Сулейман помнил, что Хуррем говорила о служанке-повитухе, причем опытной и доброй, если не пускают, значит, так нужно. Махнул рукой:
– Пусть так. Иди…
На следующий день, намучившись и почти в бреду, Хуррем родила девочку, но ребенок оказался на редкость живучим. Малышка взяла грудь кормилицы, которую пришлось срочно разыскать, поела и спокойно уснула.
А вот ее мать все металась в бреду. Временами Зейнаб казалось, что Хуррем не справится, она огнем горела, стремилась куда-то вверх, просила воздуха и света, хотя в комнате были зажжены все светильники, а окна открыты настежь.
Вдруг к постели подошла Мария, женщина почти знаками попросила Зейнаб, чтобы та позволила подержать Хуррем за руку. Решив, что хуже уже не будет, повитуха уступила итальянке место.
Та принялась шептать молитву, но не отходную, хотя лоб Хуррем покрывал уже предсмертный пот, а прося за нее прощения у Господа за смену веры, за то, что не может помолиться сама, умоляя не сиротить детей, которых не уберечь без матери. Мария сидела долго, чувствуя, как постепенно успокаивается Хуррем. Роженица притихла, ее перестала бить дрожь, немного ровнее стало дыхание…
К утру следующего дня жар еще не спал, но Хуррем открыла глаза:
– Кто?
– Девочка. Живая, крепенькая, грудь у кормилицы взяла, жить будет.
– А… Повелитель?
Ей было бы достаточно одного слова о том, что Сулейман знает, что рад рождению девочки, ведь сам столько раз твердил, что Хуррем должна родить дочь.
Но обрадовать свою госпожу служанкам было нечем, от Повелителя никто не приходил даже поинтересоваться делами роженицы. Хуррем закусила губу, чтобы не расплакаться. Что это, Сулейман зол за преждевременные роды или просто не желает видеть дочь? И все же непрошеные слезы хлынули из глаз.
Чтобы успокоить Хуррем, Гюль поспешила принести девочку. Та спокойно спала, и даже сейчас, когда личико не пришло в нормальное состояние после рождения, все еще красное и подпухшее, девочка была красива.
– Красавица будет! – Гюль демонстрировала дочь матери так, словно сама произвела на свет этого ребенка.
– Почему будет, уже есть, – засмеялась Зейнаб.
– Ее надо покормить…
– Госпожа, ее уже покормили, девочка сыта. А вам нельзя, ваше молоко будет вредным для малышки.

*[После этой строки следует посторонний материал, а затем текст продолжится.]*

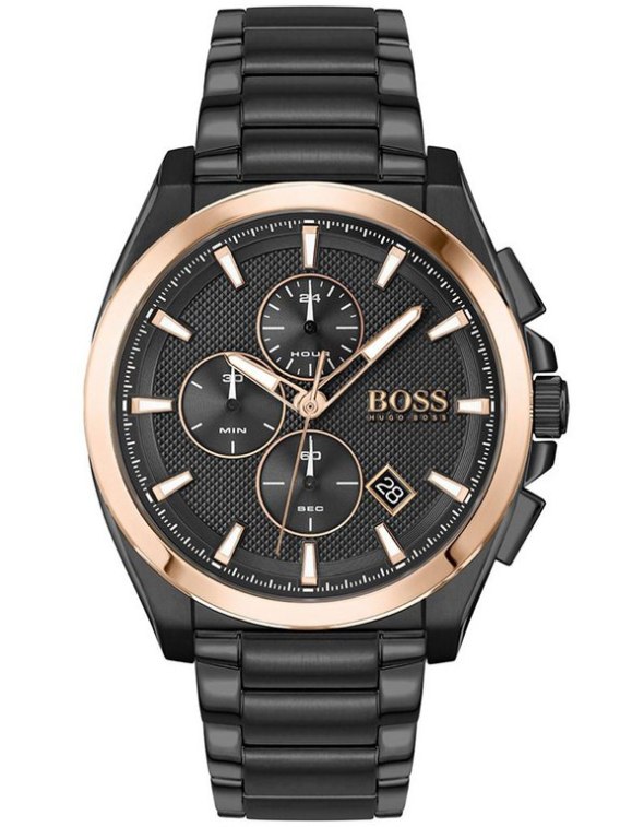 Zegarek męski Hugo Boss 1513885 Grandmaster to propozycja dla mężczyzn, którzy szukają funkcjonalnego i jednocześnie eleganckiego zegarka. Model tego zegarka posiada czarną bransoletę oraz kopertę - obie wykonane ze stali szlachetnej. Na czarnej mocno rozbudowanej tarczy zabezpieczonej mineralnym szkłem znajdziemy datownik wskazujący dzień miesiąca oraz subtarcze będące wskazaniami chronografu oraz czasu dobowego oraz stoper, który obsługuje się za pomocą bocznych przycisków. Wodoszczelność na poziomie 5ATM dzięki czemu z zegarkiem można się kąpać, ale nie wolno w nim pływać. Największy atut tego modelu to wielkość koperty, wspaniale prezentuje się na męski nadgarstku.

Хуррем, полюбовавшись сладко посапывающей дочерью, позволила унести малышку и расплакалась снова. Никто не пришел поинтересоваться не только от султана, но и от валиде. Только евнух сунул нос в комнату, наверняка прислал кизляр-ага. Было больно и обидно, неужели Сулейман и правда вычеркнул ее из своей жизни, как это положено по закону?

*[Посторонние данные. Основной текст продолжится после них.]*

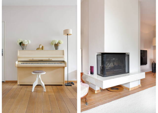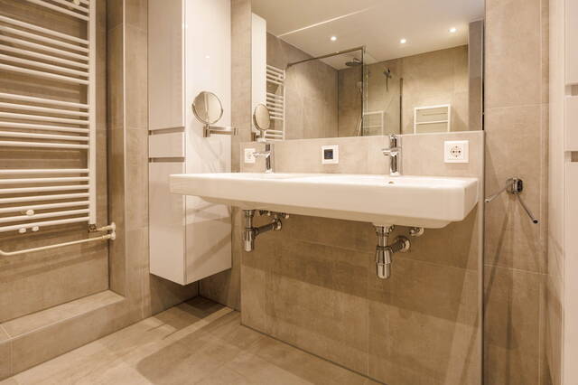 A spacious landing with plenty of daylight thanks to a side window. At the front of the house is a large bedroom with air conditioning and a walk-in closet. At the rear are two spacious and bright rooms that can be used as bedrooms or home offices; one of them also features a washbasin. The modern and luxurious bathroom (2021) is spacious and includes a rain shower, toilet, towel radiator, and double sink vanity with mirror, two floating cabinets, built-in lighting, and mechanical ventilation. The bathroom also houses the washing machine and dryer.

– Госпожа, выпейте лекарство, вам не стоит плакать, девочка может это почувствовать.
– Я не буду пить, это вредно для малышки, для молока.
– Вам нельзя кормить ребенка, совсем нельзя, яд уже мог попасть в молоко.

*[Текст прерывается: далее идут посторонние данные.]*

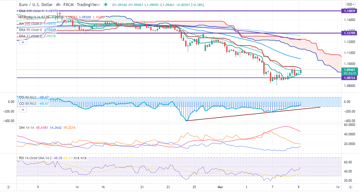 EURUSD trades above Tenken-sen (1.09019) and below Kijun-Sen (1.09638).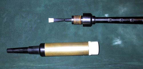 そして、その効果は絶大で、長時間吹き続けてもリードが水分で止まってしまうということは全くないという素晴しいプラクティスチャンターが出来上がったのでした。練習が終った時には、キャップを外して反対側から吹くと、吹き口からそれなりの量の水分(つまりは「だ液」って訳。きたね〜!)が出てきます。でも、日常的なメンテはそれだけで済むのです。素晴しいでしょ。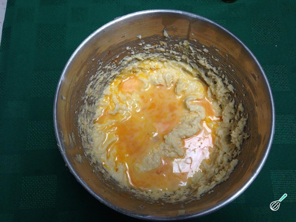 Em seguida adicione os ovos alternando com a farinha peneirada. Bata bem, para se certificar de que a massa não fica com grumos.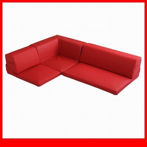 > ソファ★組み替え自由なフロアソファ 3人掛け ロータイプ/リクライニング ローテーブル こたつで/日本製 合皮 PVC/レッド/新品 特価/a4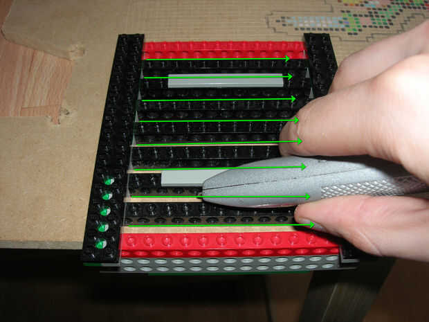 Una nota final sobre el uso de las guías: cuando se coloca la herramienta, empuje suavemente la guía contra todo lo que quieras alinear la TI; no ejercer demasiada fuerza en ella. Si lo hace, la guía comenzará a separar, y ya no es la herramienta en la posición correcta. También, mientras usted está cortando líneas, la mano que mantiene la herramienta trabada en su lugar debe sólo empuje hacia abajo; No empuje contra la guía o, otra vez, se comienzan a separar. Puede utilizarse para empujar contra la guía cuando se usa por ejemplo un cuadrado de acero, pero los que están hechos de acero, no Lego :)

Хуррем позволила напоить себя успокаивающим и лежала, беззвучно рыдая, пока не сморил сон.
В комнате стояла гнетущая тишина. Никого в гареме, кроме собственных служанок, не интересовала судьба Хуррем Султан, Хасеки Хуррем, всесильной еще вчера Хуррем. Почему? Да потому что не интересовался Повелитель!
В этом дворце, в гареме всё равнялось на него, не присылает султан слугу узнать, как дела, значит, сердит на Хасеки, значит, она уже больше не Хасеки, не милая сердцу. Кисмет, судьба, что поделать, сегодня ты на вершине, а где завтра? В гареме это чувствуется особенно.